What the task requires
Repeat the material exactly from its first line to the line that includes "GREAT LOCATION!! A". Skip pictures.

Information supplied
* * * * *

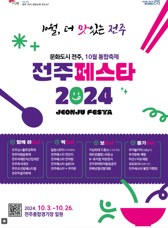 | 2024 전주페스타 축제 일정 확인 (행사 캘린더) (0) | 2024.10.08 |
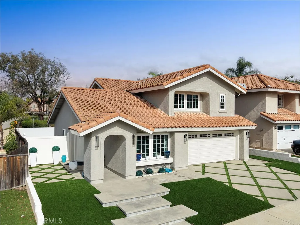 GREAT LOCATION!! A beautiful 3 bedroom, 2 +1/2 bath home in the VISTA LADERA tract is a MUST SEE! Spacious living room and dining area are accented with cathedral ceilings. Gorgeous UPDATED kitchen with stainless steel appliances, an open floorplan to the den with fireplace and sliding glass doors to the backyard. All bedrooms upstairs. Primary suite with dressing area, spacious closets and dual sinks. Updated flooring throughout. Recently UPGRADED hardscape, exterior lighting and drought tolerant, LOW MAINTENANCE landscaping. Attached 2 car garage with laundry hook ups.
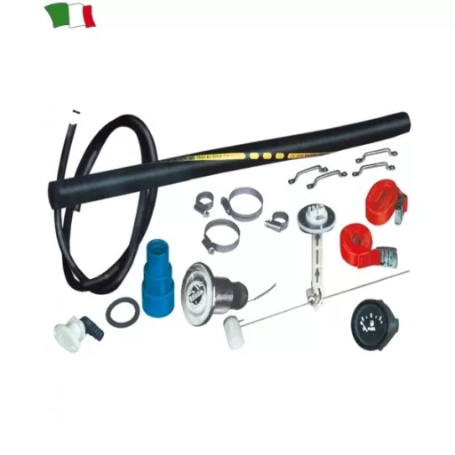 Potrebni dodatki za sestavo celotnega kompleta za gorivo v enem paketu. ABS zračniki, ventil rezervoarja za gorivo, en par 2,5 m dolgega traku, 4 trakovi iz nerjavečega jekla z luknjami 60 mm, 1 kos merilnika za rezervoar, 2 m gorivne cevi 16 mm, 1 m gorivne cevi 38 mm, dve ožičeni snopi iz nerjavečega jekla 16/25, dve ožičeni snopi iz nerjavečega jekla 40/60, 5 vijakov, šestkotna glava 4 x 10 mm

* * * * *

Solution to this problem
 | 2024 전주페스타 축제 일정 확인 (행사 캘린더) (0) | 2024.10.08 |
 GREAT LOCATION!! A beautiful 3 bedroom, 2 +1/2 bath home in the VISTA LADERA tract is a MUST SEE! Spacious living room and dining area are accented with cathedral ceilings. Gorgeous UPDATED kitchen with stainless steel appliances, an open floorplan to the den with fireplace and sliding glass doors to the backyard. All bedrooms upstairs. Primary suite with dressing area, spacious closets and dual sinks. Updated flooring throughout. Recently UPGRADED hardscape, exterior lighting and drought tolerant, LOW MAINTENANCE landscaping. Attached 2 car garage with laundry hook ups.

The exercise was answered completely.